6 あんた感じだすよ

 日本国大統領譲葉サユ、秋田国首長佐竹ルイ15世、ベスプッチ帝国皇帝ジーザス・クライスト・スーパースターの三者は、会談の座についていた。

 場所は京都の寺院である。石庭には枯山水の庭があり、静かな冬の京都、といった風情であった。


「まずは、君がいちばんに話すべきではないかね」


 ジーザス・クライスト・スーパースターが流暢な日本語でそう切り出す。話の向けられた先は会談をセッティングした譲葉サユだ(まあ実際のところ部下に丸投げして寺院を貸し切り抹茶やらお菓子やらを用意させたのだが)。


「あー……なんで、皇帝陛下は秋田国に協力するの? なにかいいことがあるの?」


「秋田国のハタハタ・ズシとニホンシュは最高だからね」


「……は?」


 譲葉サユは喧嘩腰である。そりゃそうだ、食べ物と酒が目当てで自国が危ういのだから喧嘩腰にもなろうというものだ。

 そして譲葉サユはまだ高校生なので、うまいものを肴にして熱燗を飲んで酔っ払う快感を知らないのである。


「ハタハタ・ズシにせよ、ニホンシュにせよ、そこには秋田の伝統がある。それだけで守価値大アリではないかね? 伝統は途切れたら終わりだよ」


「伝統とか興味ないし。古いよりは新しいほうがいいじゃん」


「大統領閣下はポケモン工芸展観にいがねがった……見に行かなかったんですか?」


「ポケモンとか小学生とおじさんおばさんの遊ぶやつでしょ? 興味ない」


「んだすか……」


 気まずい沈黙。


「たとえば大統領。この石庭を見てどう思われる?」


「いや、石だなーって」


「そうか。この美しさと神秘は、高校生には理解するのが難しいようだ。この石庭は美しい。違うかね、佐竹殿」


 いきなり時代劇のように呼ばれて、佐竹ルイ15世は背筋を伸ばし、いずまいを正した。
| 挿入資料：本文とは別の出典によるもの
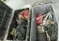 (4) LL300N SYSTEM CASE ONLY; BLACK HUSKY TOTE W/MISC TOOLS & ITEMS; GREEN SPOOL OF WIRE; SMALL RED AIR COMPRESSOR; GRAY CUSHION CHAIR ON WHEELS; BROWN EXECUTIVE CHAIR; BLACK FABRIC SWIVEL CHAIR ON WHEELS; BLACK DESK CHAIR; GRAY FABRIC ROLLING CHAIR; Location 1
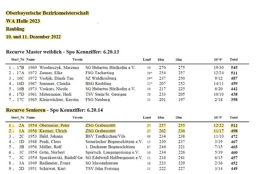 Zu den Obb. Meisterschaften haben sich folgende Schützen der ZSG
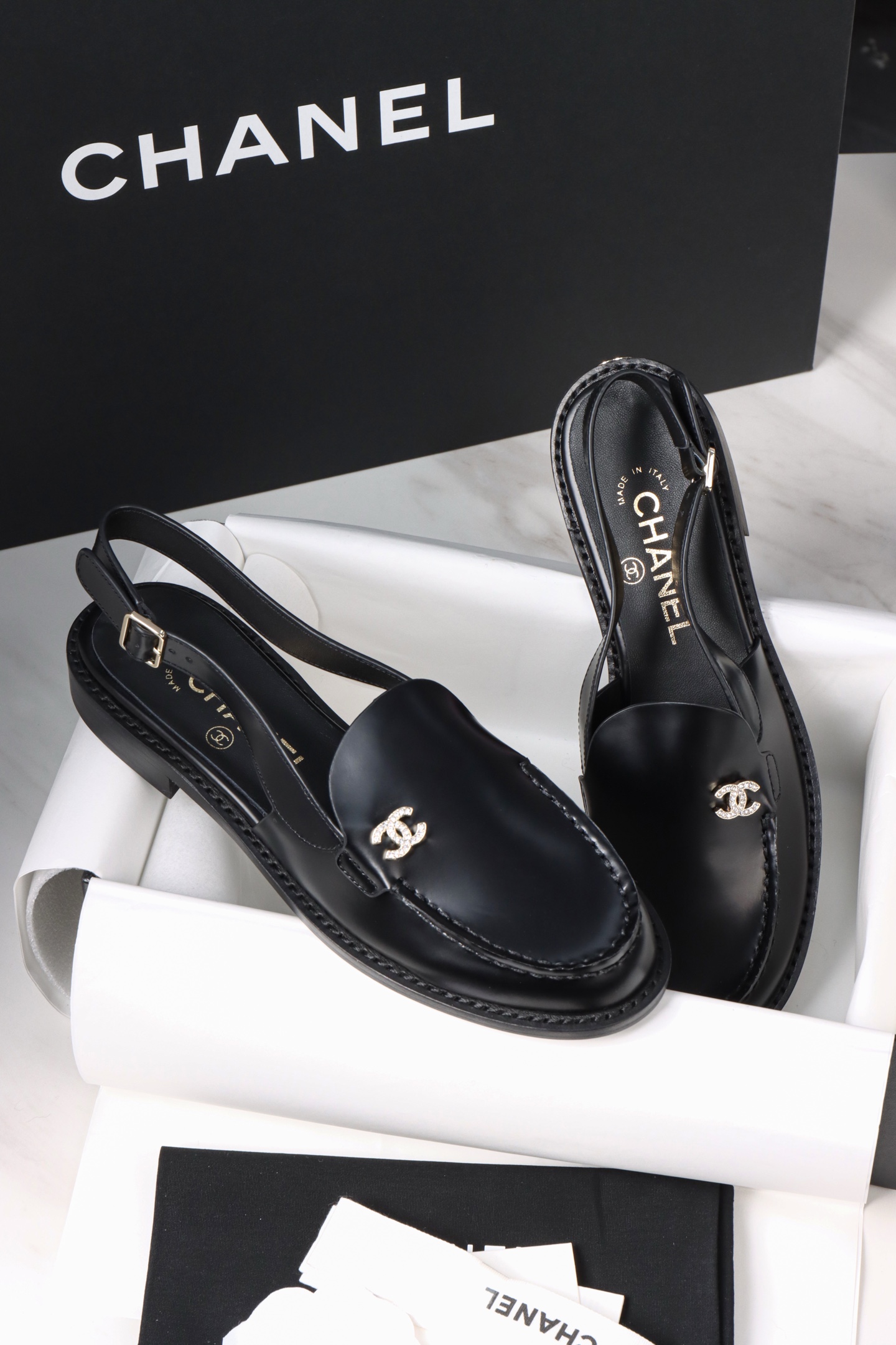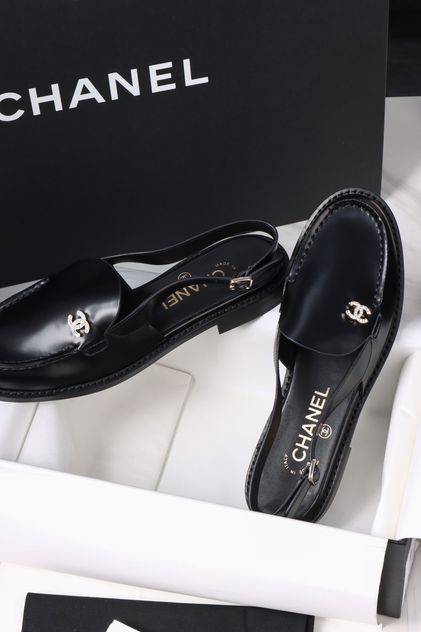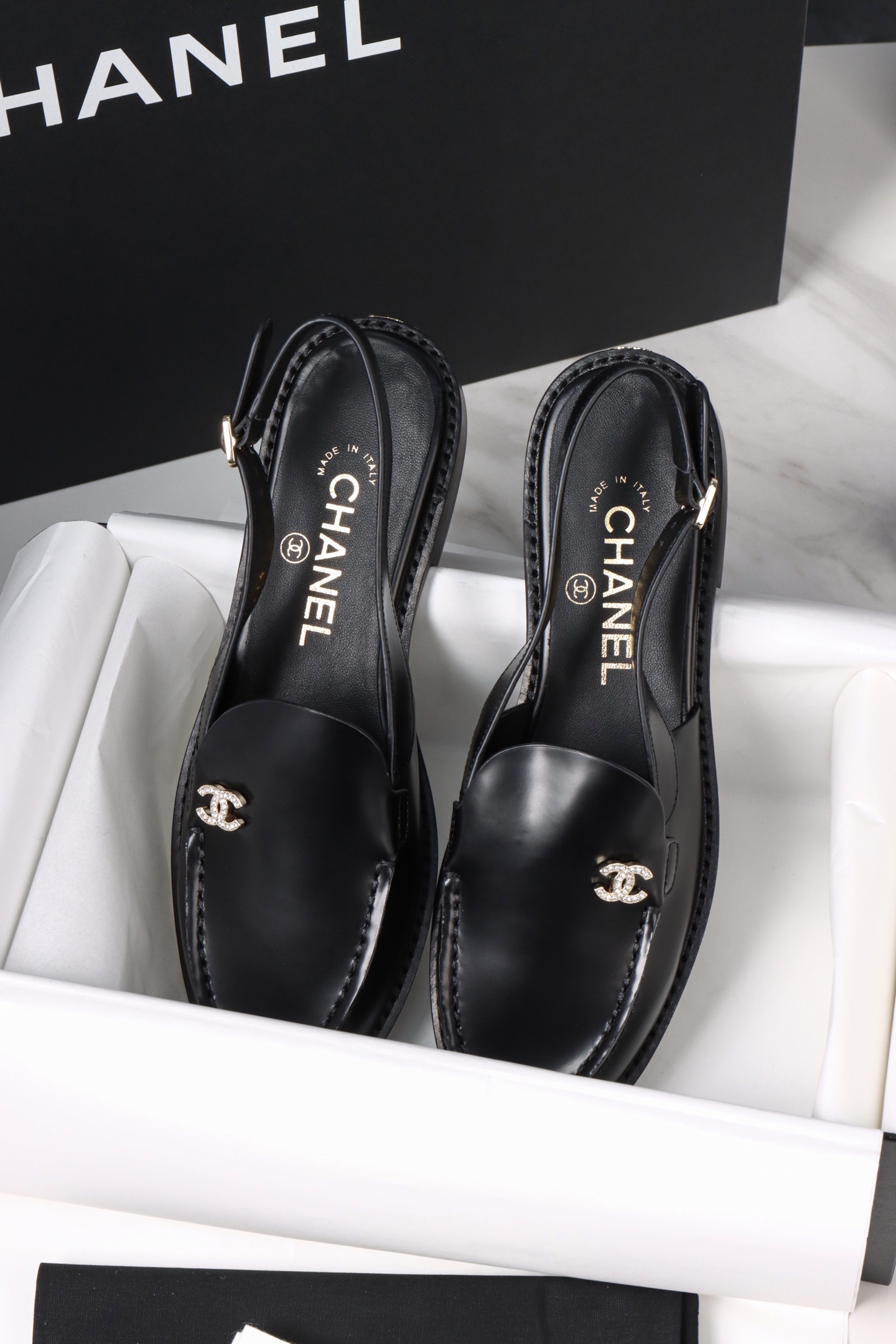 Chanel 25P Black Open-Toe Single Shoes. Chic black open-toe single shoes from the 25P collection. Premium leather with signature Chanel detailing. Sizes 35-41.
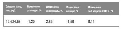 Изменение средней стоимости коттеджей в НСО за I квартал 2010 года составило 0,52%.
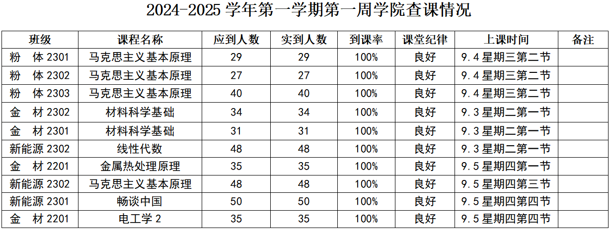 2024-2025学年第一学期第一周学院查课情况
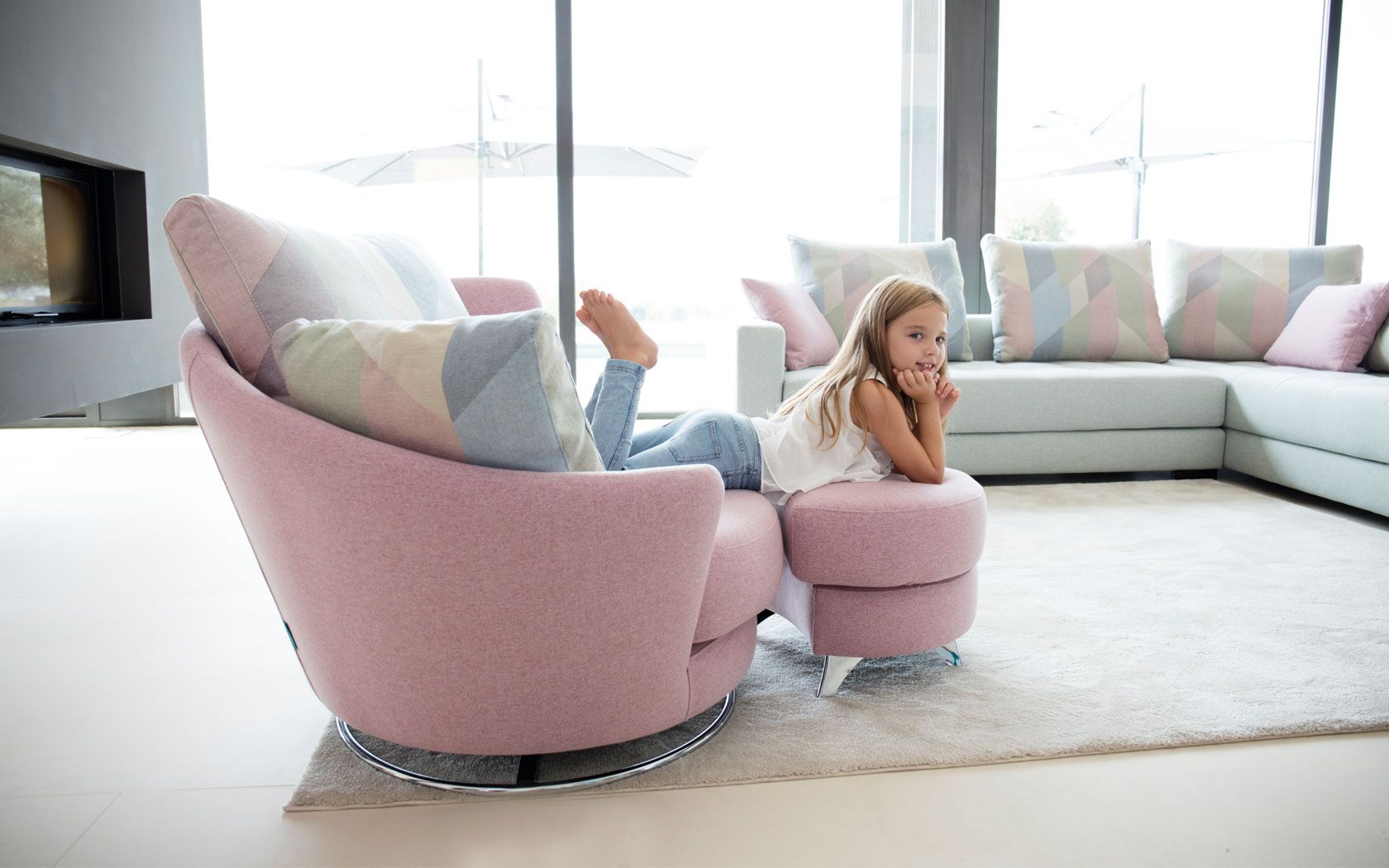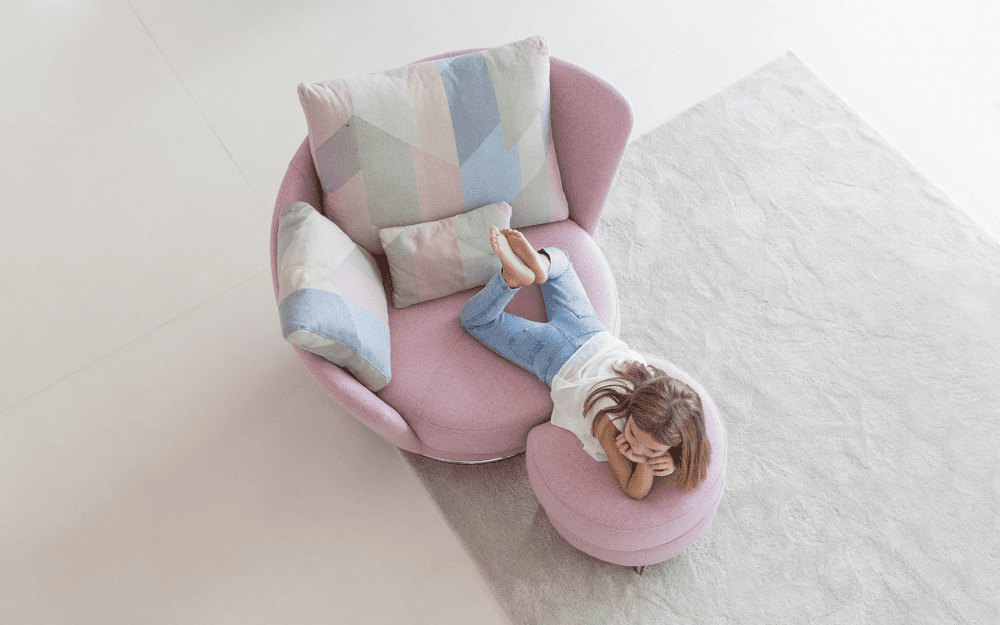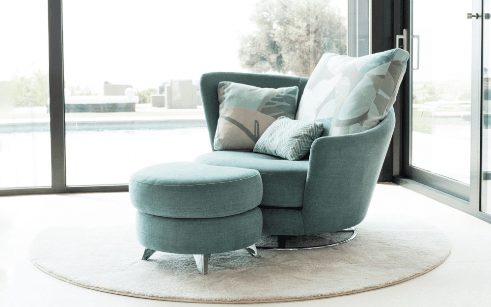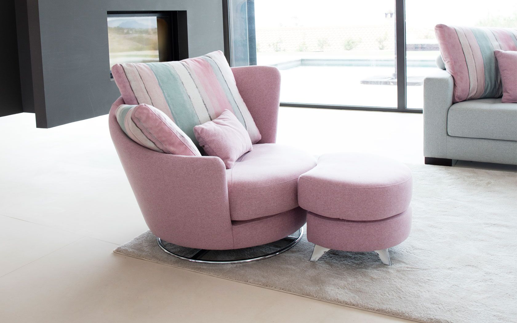 Roxane is an armchair with a very special design, where you will enjoy unforgettable moments. Its curved back creates a peaceful and quiet atmosphere that allows you to enjoy your leisure moments and forget about everything else. The swivel base and the footstool provide a great comfort.
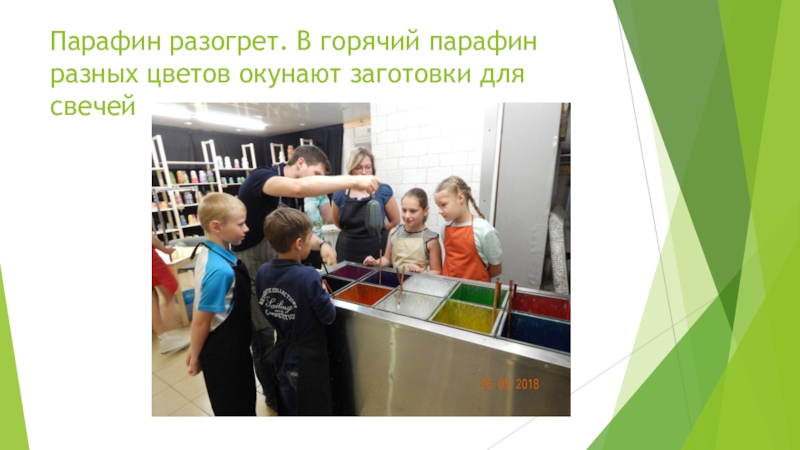 Слайд 4Парафин разогрет. В горячий парафин разных цветов окунают заготовки для свечей

「そう……ですね。こういういんた……このような伝統ある寺社仏閣は、いままで修学旅行でしか訪れたことがありませんが、とても見事だなあと」


「はぁ? 秋田県民がなに言ってるの? あの田舎に学校があるの? まともにしゃべれないくせに勝手なこと言わないでちょうだい」


「彼はまともに話しているじゃないか」


「まともな日本人は『いがねがった』とか『んだすか』とか『こういういんた』なんて言い方はしません」


「HAHAHA。方言を笑うのだね。私の英語はユタ訛りがキツくてニューヨークじゃ通じないしイギリスに行くとバカにされるんだ」


「えっ」


「えっ」


「だから自動翻訳に頼ると言葉が通じなくなる。それで日本語を覚えたんだ。まあ日本語を覚えたのはシンプルにアニメやマンガなどのクール・ジャパンを原語で読んだり視聴したりしたかったからなんだが」


 ときに、とジーザス・クライスト・スーパースターは笑顔になる。


「秋田はあまりクール・ジャパン的なコンテンツが多くない土地という認識だけれど、タカオ・ヤグチという漫画家の名前は知っているよ。美しい自然を描いた漫画家だとか。えーっと……『つりきち』……」


「ああ、『釣りキチ三平』だすな」


「ストーリーは知らないのだが、絵を見れば秋田の自然が豊かで素晴らしいことが伝わってくる。それを、サユ・ユズリハ。あなたはぶっ壊そうとしたのだよ」


「いまは開発されてあんな美しい自然なんか残ってません!!!!」


「いや? いまもあんた感じだすよ?」


 ジーザス・クライスト・スーパースターが訛っていることを知った今、佐竹ルイ15世も堂々と訛ることにしたのだった。


「ウソでしょ!?」


「ウソでねっす。白神山地だとか小坂七滝だとか、八幡平とか……あんた感じだすよ?」


「はあ!?」


「せば、来てみるスか? ちょうど冬だし、八幡平でスキーでもせばいいってねすか?」


「スキー……」


 ◇◇◇◇


「ウワァー!!!! 雪だー!!!! 真っ白でまぶしー!!!!」


 譲葉サユはハイテンションであった。

 佐竹ルイ15世の計らいもあり、お忍びで八幡平スキー場にやってきたわけである。


 インストラクターに簡単な滑り方を教わり、すらすらとパラレルができるようになり、譲葉サユはスキーを満喫した。クタクタになるまで滑りまくったので、そのままセキュリティの整った車に乗せて温泉まで連れて行く。温泉の風呂で汗を流し、昼ごはんの時間となった。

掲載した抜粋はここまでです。